Вадим Бабенко - Простая Душа
«В наивной искренности провинции есть огромный потенциал, – писал он Николаю Крамскому, – но его трудно вызволить на поверхность». И добавлял тут же: «Короток, короток интерес провинциалки…» – будто стараясь свести все к шутке и не показать, что и в самом деле уязвлен. Вскоре, впрочем, время и речной воздух излечили его от хандры. Он научился не требовать многого от сиволдайских подруг и признал, что в целом они все же отзывчивее высокомерных москвичек. Он быстро вычислил сущность странного обаяния местных женщин – гибрид жизнелюбия и провинциальной расслабленности.

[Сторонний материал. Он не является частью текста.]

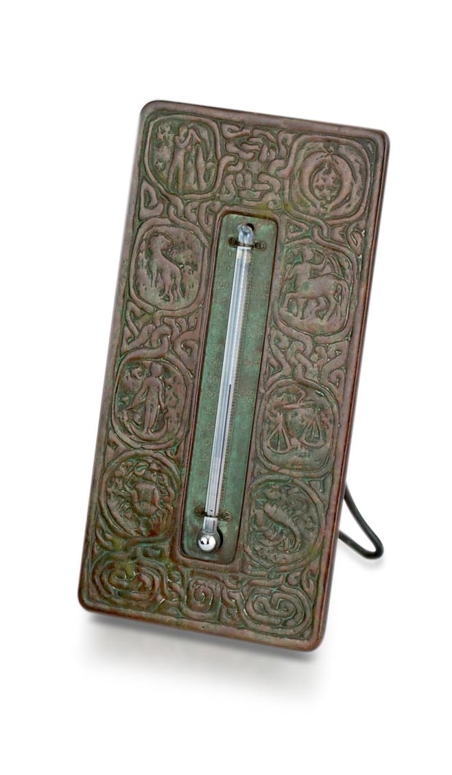 Eight stylized Zodiac symbols are inscribed within medallions around the border and interlaced with decorative banding. The original mercury filled glass tube is held in place with bronze clips, and the temperature scale is inscribed on the front panel. An easel stand supports the thermometer, and the finish is green-brown patinated bronze. Stamped: TIFFANY STUDIOS/NEW YORK/1014. Height: 8". Width: 4".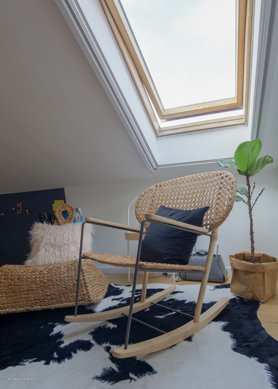 走上阁楼,迎面进入的是开放的起居室,天窗采光特别好,在这里放上一把躺椅,坐着看看书,抬头看看外面的天空,思考思考人生,非常惬意。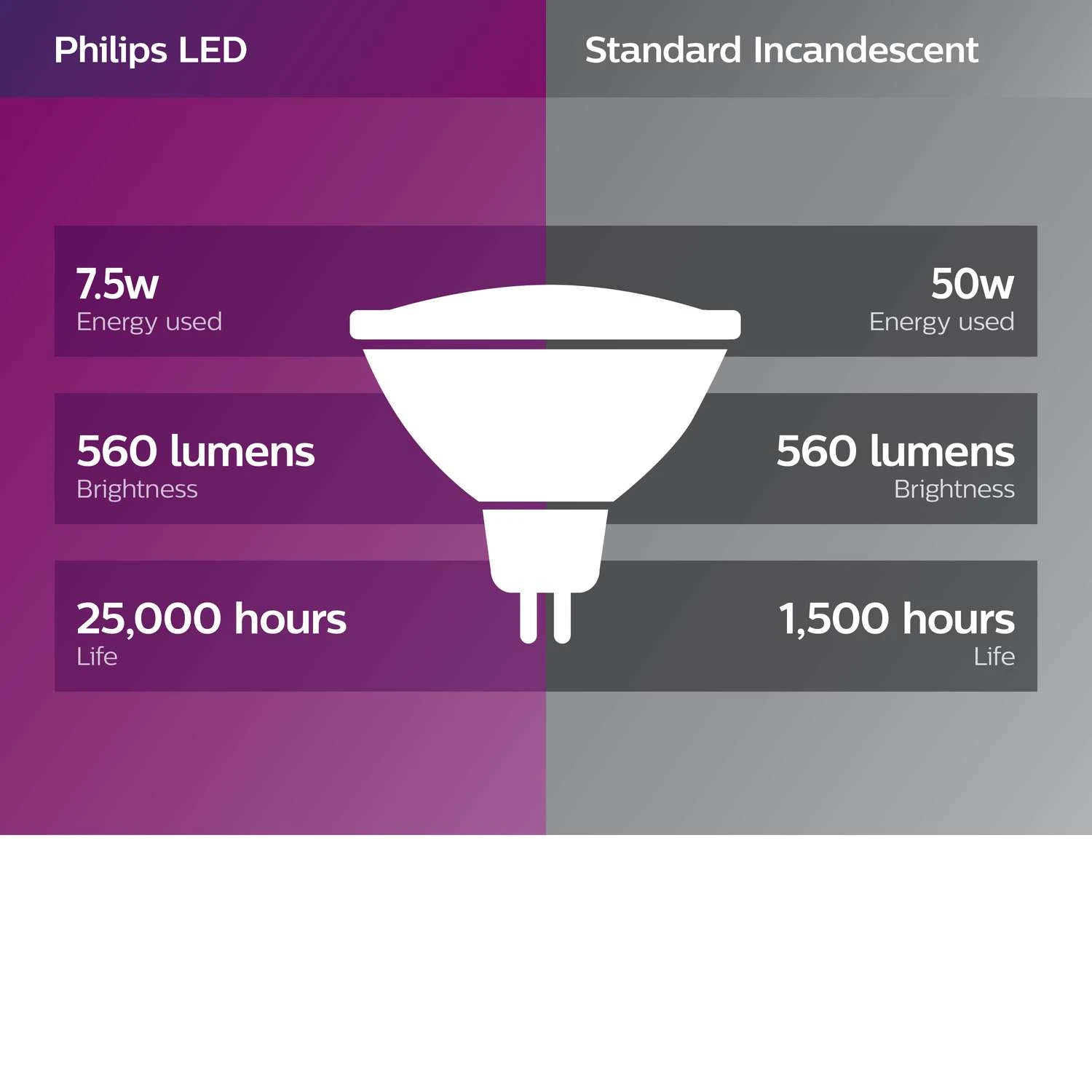 Get energy savings and 15x the life with Philips 7.5 Watt MR16 LED light bulb vs an equivalent 50 Watt incandescent. Classic Glass design provides bright white light. Ideal for use in kitchens, living rooms and dining rooms in recessed can and track light fixtures. EyeComfort rated LED – Provides high quality light thats easy on your eyes Smooth Dimming Silent, flicker free and tested to work with the most dimmer switches 12 volt is perfect for landscape lighting Ideal for locations that need quality light ENERGY STAR and Title 20 Certified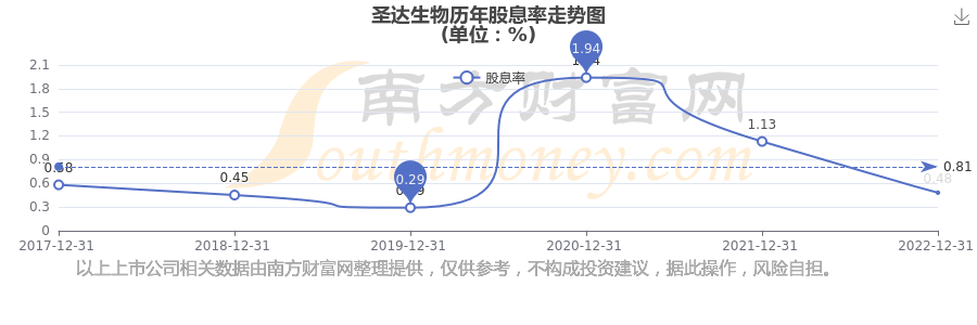 圣達生物最新一次公布的分紅方案:10派0.6元。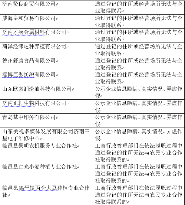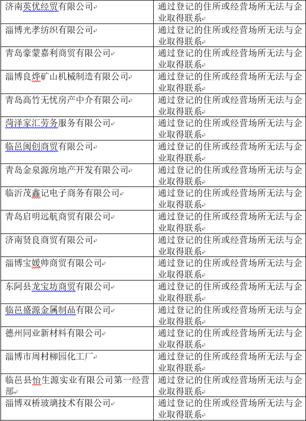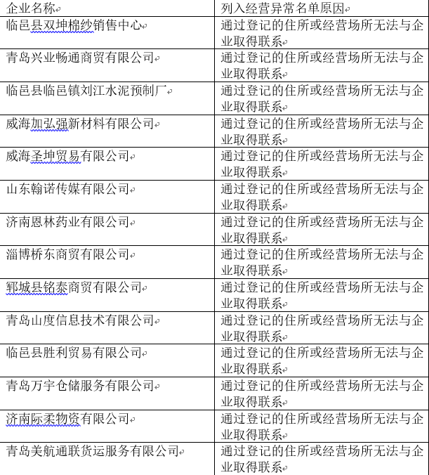 公告显示,这50家企业于2017年12月5日因"通过登记的住所或经营场所无法与企业取得联系"和"公示企业信息隐瞒真实情况、弄虚作假的"等原因被列入经营异常名录,并将于2020年12月5日届满三年。根据《企业信息公示暂行条例》第十七条第二款的规定,被列入经营异常名录届满3年仍未履行相关义务的由工商行政管理部门列入严重违法失信企业名单,并通过国家企业信用信息公示系统向社会公示。省市监局要求有关企业尽快履行相关义务,并向工商部门申请移出经营异常名录。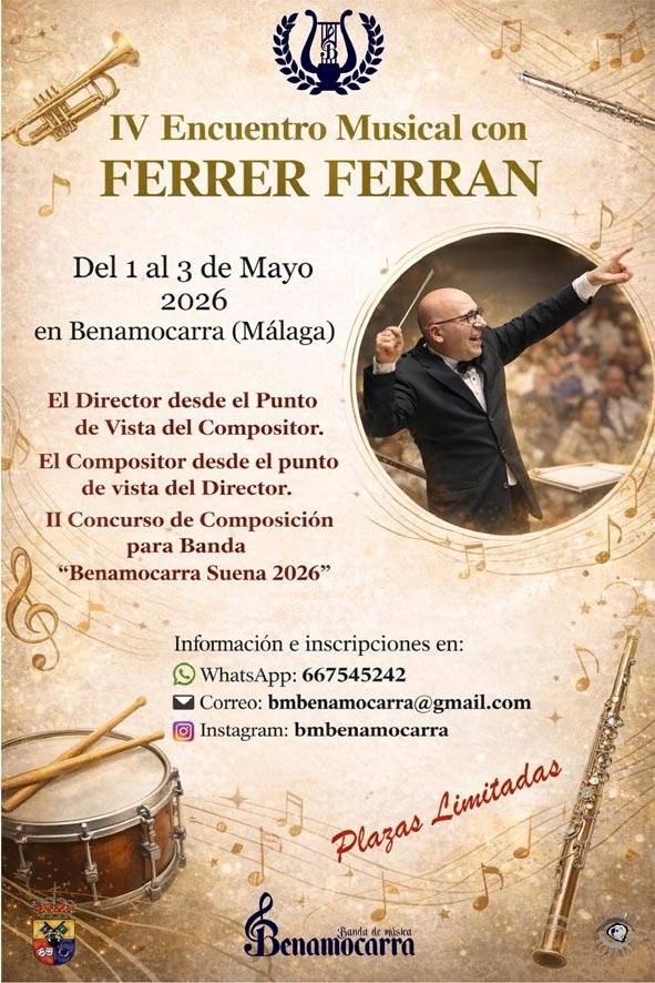 Además, ha anunciado la segunda edición del Concurso de Composición para Banda “Benamocarra Suena 2026”, en el que se estrenará una obra inédita dirigida por su propio autor. Durante el concierto de clausura se entregarán las menciones y el premio principal, acompañado de un trofeo. El Ayuntamiento obsequiará a todos los participantes con un libreto que incluye las partituras de los pasodobles Benamocarra Suena y Benamocarra y olé.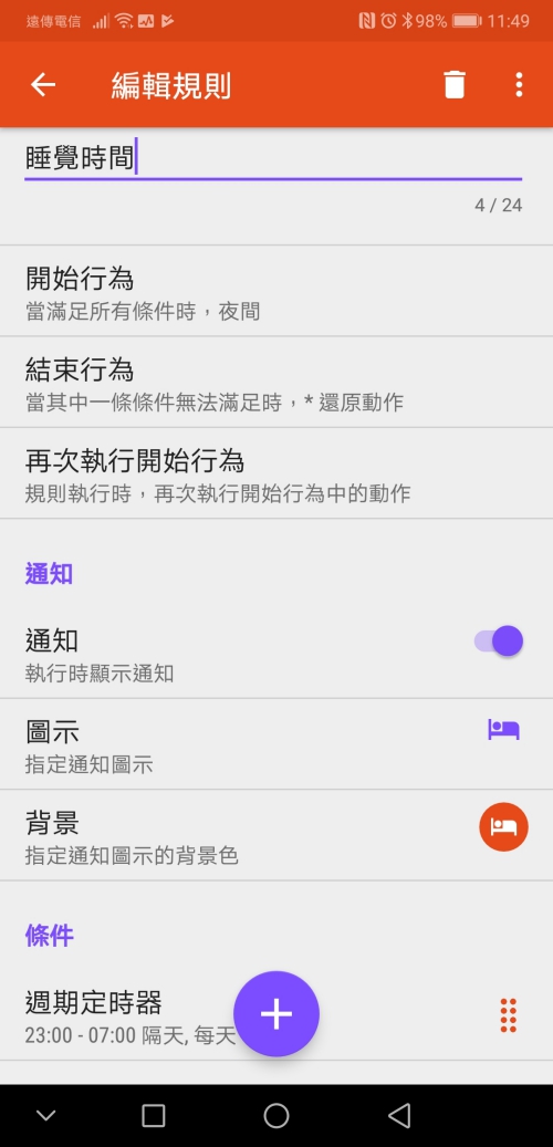 新增自動規則後輸入該規則名稱,例如睡覺時間。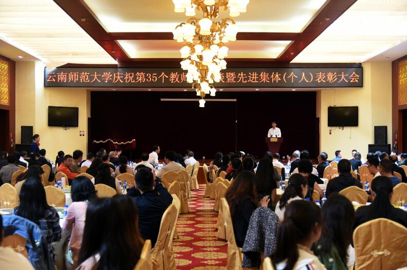 会上,校党委饶卫书记作了讲话。饶书记首先代表学校党委,向辛勤耕耘、默默奉献的全校教职工致以节日的问候,向受表彰的先进集体、先进个人表示热烈的祝贺。饶书记强调,党的十八大以来,学校在习近平新时代中国特色社会主义思想的引领下,加快推进教师教育为特色的高水平大学建设,取得了一系列成绩,这些成绩的取得是省委省政府正确领导的结果,是一代代师大人不忘初心、牢记使命,弘扬传统、改革创新,担当作为、艰苦创业的结果。饶书记表示,长期以来,广大教职工弘扬西南联大精神,教书育人、管理育人、服务育人,爱岗敬业、甘为人梯,为广大学生的成长成才和学校的发展做出了积极贡献,涌现出了一批争先进、做表率、出实绩、讲奉献的优秀教师。他们用自己对教师职业的热爱和责任,在自身平凡的岗位上做出了不平凡的业绩,是我们学习的榜样。饶书记寄语全校教职工要切实做到政治过硬,时刻铭记立德树人使命,勇于创新创造、锻造过硬本领,紧密团结在以习近平同志为核心的党中央周围,不忘初心、牢记使命,与学校党委同心同德、同向同行,以崭新的奋进姿态迎接新中国成立70周年华诞,为云南全面建成小康社会,加快实现教育现代化做出新的更大贡献。

Они будто черпали энергию у большой реки, которая всегда рядом и всегда готова утешить. Склонностью к утешению тут отличались все, что бывало назойливо и бывало смешно, но куда чаще оказывалось приятно. Вместе с тем, именно тут, без аляповатого столичного грима, была ясно виден безнадежнейший дуализм, от которого не уйти даже в самой возвышенной из историй. Астахов чувствовал это особенно остро, прогуливаясь по набережной теплым днем, наблюдая вереницы молодых мамаш – с безупречными лицами мадонн, прекрасных и недоступных, озабоченных лишь своими детьми и отвергающих с полслова все прочие смыслы.
Это они, думал Андрей, есть главный оплот косности и реакции. В них – отрицание неординарного; в них – трясина, животный инстинкт. И в то же время, именно они – носительницы любви, ее причина и ее источник. В этом главная ловушка мироздания, и она же – главная его насмешка. Остальное вторично, ибо ничто не вдохновляет на созидание так, как любовь.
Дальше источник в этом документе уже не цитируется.